Storing passwords in plaintext is not recommended from a security perspective.
It's advisable to use strong cryptographic hashing mechanisms (like bcrypt) to protect user credentials.
Disclaimer
This README.md
file was automatically generated by an AI language model called ChatGPT, developed by OpenAI.
The content is based on static code analysis and common programming practices up to its knowledge cutoff date in September 2021.
As such, it may not cover all potential issues or security considerations.
For a comprehensive evaluation of the go-inn2-auth codebase, it is advisable to involve experienced developers and security experts to conduct thorough code reviews and security assessments.
For any specific concerns or questions regarding the code, feel free to reach out to the developers of go-inn2-auth or consult the source code repository for the project.
Upon reviewing the go-inn2-auth code again, here are some additional suggestions for improvement:
-
Input Validation: Ensure that all user inputs and configurations are properly validated and sanitized to prevent potential security vulnerabilities like injection attacks.
-
Configuration Management: Consider using a robust configuration management library to handle the configuration file (config.json). This can simplify the code and make it easier to manage configuration changes.
-
Logging: Implement comprehensive logging throughout the application to capture important events, errors, and debugging information. Logging is valuable for troubleshooting and monitoring the application's behavior.
-
Graceful Shutdown: Add a mechanism for graceful shutdown of the daemon server when a termination signal (e.g., SIGINT or SIGTERM) is received. This ensures that ongoing operations are completed cleanly before the server exits.
-
Performance Optimization: Review the code for potential performance bottlenecks and optimize critical sections to improve the overall efficiency of the daemon server.
-
Limit Access to Configuration Files: Ensure that the configuration files containing sensitive information (e.g., user.json) are properly protected and accessible only by authorized users.
-
Error Reporting: Improve error reporting to provide more detailed and informative error messages, which can assist users in diagnosing and resolving authentication issues.
-
Input Passwords Securely: When reading passwords from users or files, consider using secure methods that prevent password visibility in logs or memory.
-
Strong Encryption: If SSL/TLS is used for secure communication, ensure that strong encryption protocols and cipher suites are utilized.
-
Rate Limiting: Implement rate-limiting mechanisms to prevent brute-force attacks against user credentials.
-
Compatibility: Ensure that the code is compatible with the latest versions of required Go packages and libraries.
-
Documentation: Enhance the inline comments and documentation to provide clear explanations of the code's functionality and usage.
-
Automated Testing: Implement automated testing for various scenarios to verify the correctness of the code under different conditions.
-
Code Refactoring: Consider refactoring the code into smaller, well-encapsulated functions and modules to improve maintainability and readability.
-
Security Audit: Conduct a security audit of the entire application to identify and address potential security vulnerabilities.
-
Cross-platform Compatibility: Test the application on different platforms to ensure cross-platform compatibility.

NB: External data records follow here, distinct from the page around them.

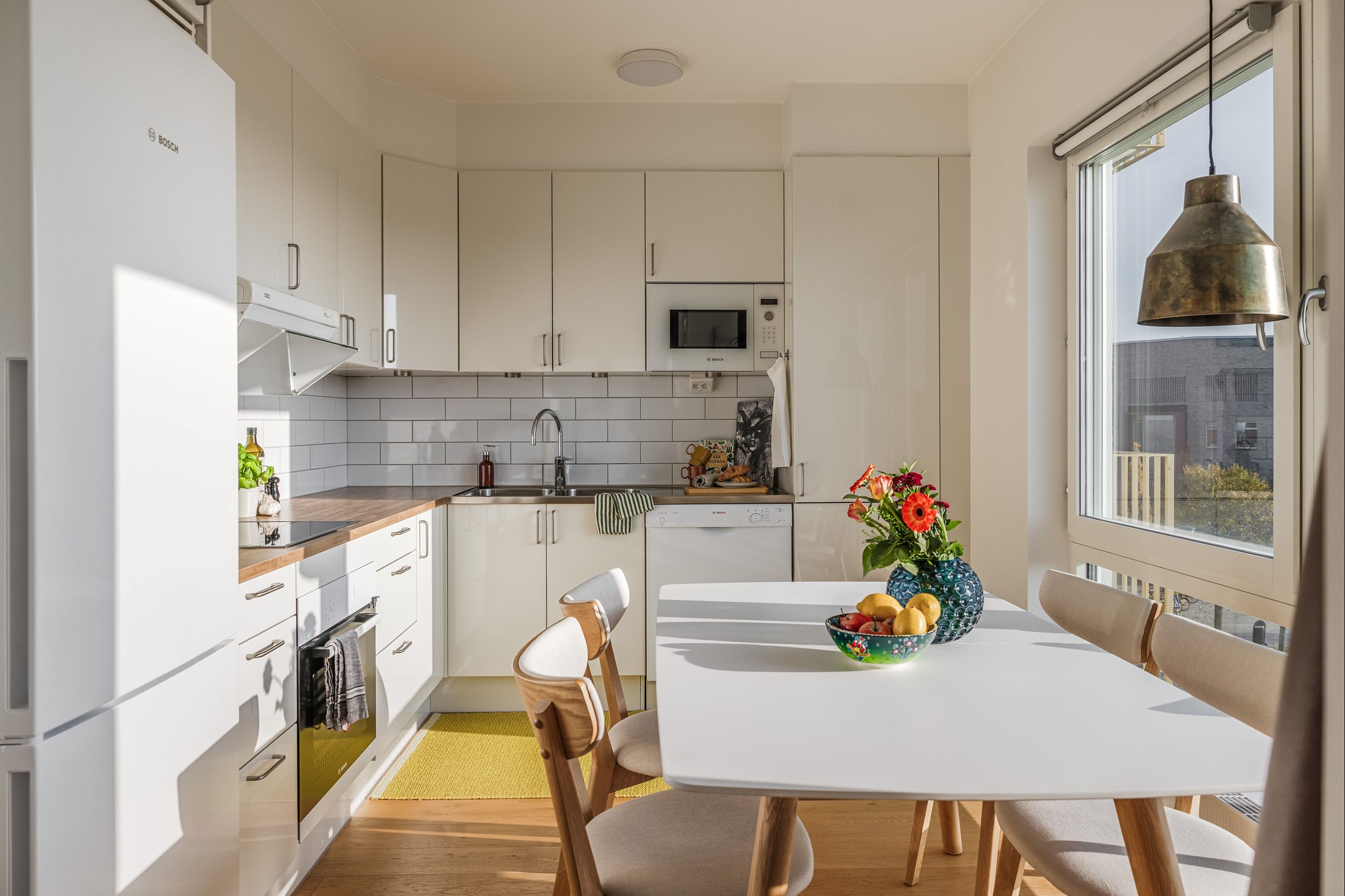 En praktisk hall med förvaring och lättskött klinkergolv, stort badrum med golvvärme och egna tvättmöjligheter i jordiga kulörer. Öppet & luftigt vardagsrum som skapar en varm atmosfär tillsammans med de stora fönsterpartierna, den fria sikten och soliga läget - ett härligt rum för avkoppling och social samvaro. Köket är utrustat med snygga ytor för matlagning och även här stora fina fönsterpartier som skapar generöst ljusinsläpp. Denna tvårummare ligger på en av de mest eftertraktade adresserna i området tack vare den välskötta föreningen och sitt läge ut mot parken.
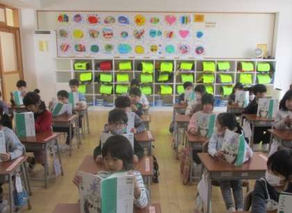 1年生 国語 音読 公開日 2023/04/27 更新日 2023/04/27 1年生 音読の際には、教科書を両手で持ち、立てて読むように指導しています。 「読む姿勢」というと、子供たちは素早く教科書を立て、音読の姿勢をとります。
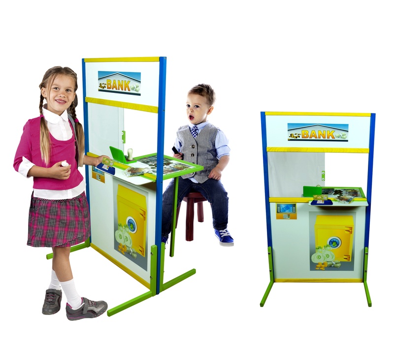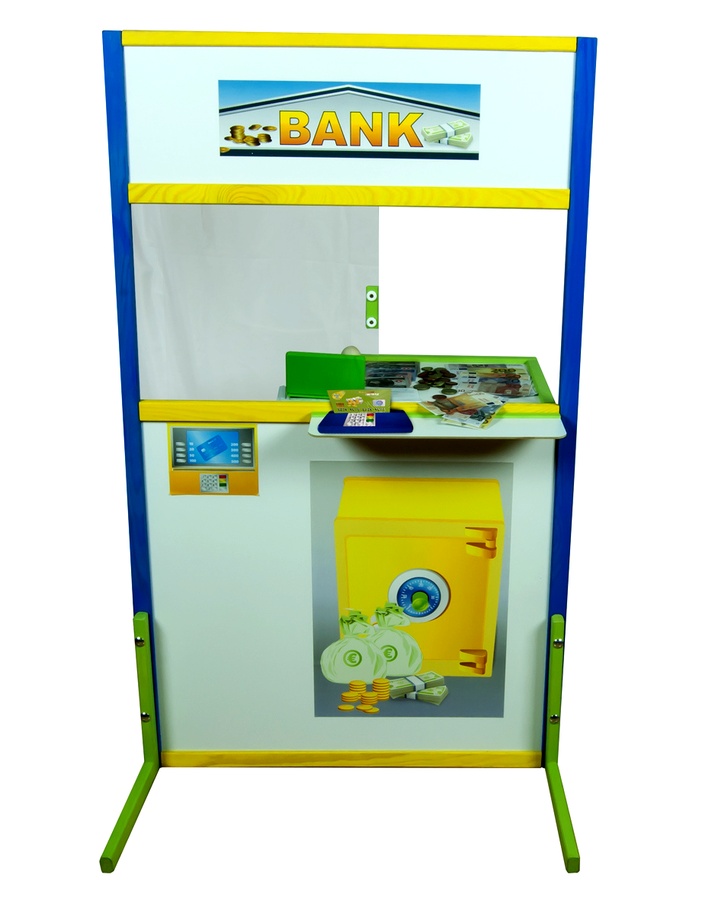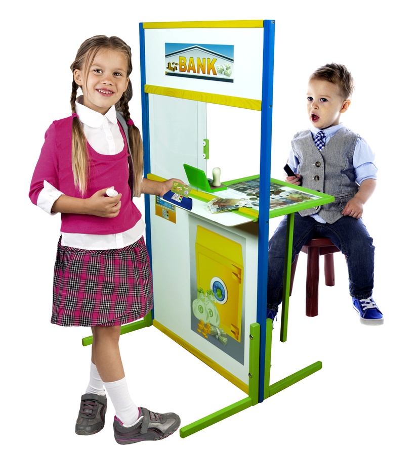 Dětská křídová tabule v podobě banky, s bohatým příslušenstvím a doplňky, od firmy Aga4Kids.
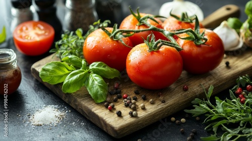 A vibrant display of ripe red tomatoes on a wooden cutting board, surrounded by fresh herbs and spices, emphasizing the freshness and color of ingredients for a delicious meal
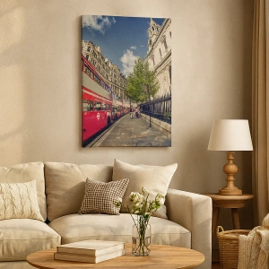 Bild auf Leinwand - Leinwandbild - Londoner Straße in Grau und Rot - 50x50 cm

Keep in mind that the above suggestions aim to enhance the code's security, performance, and maintainability. Each suggestion should be carefully considered and implemented based on the project's specific requirements and constraints. Additionally, leveraging external security tools and conducting regular code reviews can further strengthen the application's security posture.
License
go-inn2-auth is licensed under the MIT License. See the LICENSE file for details. MIT
Author
Documentation ¶
There is no documentation for this package.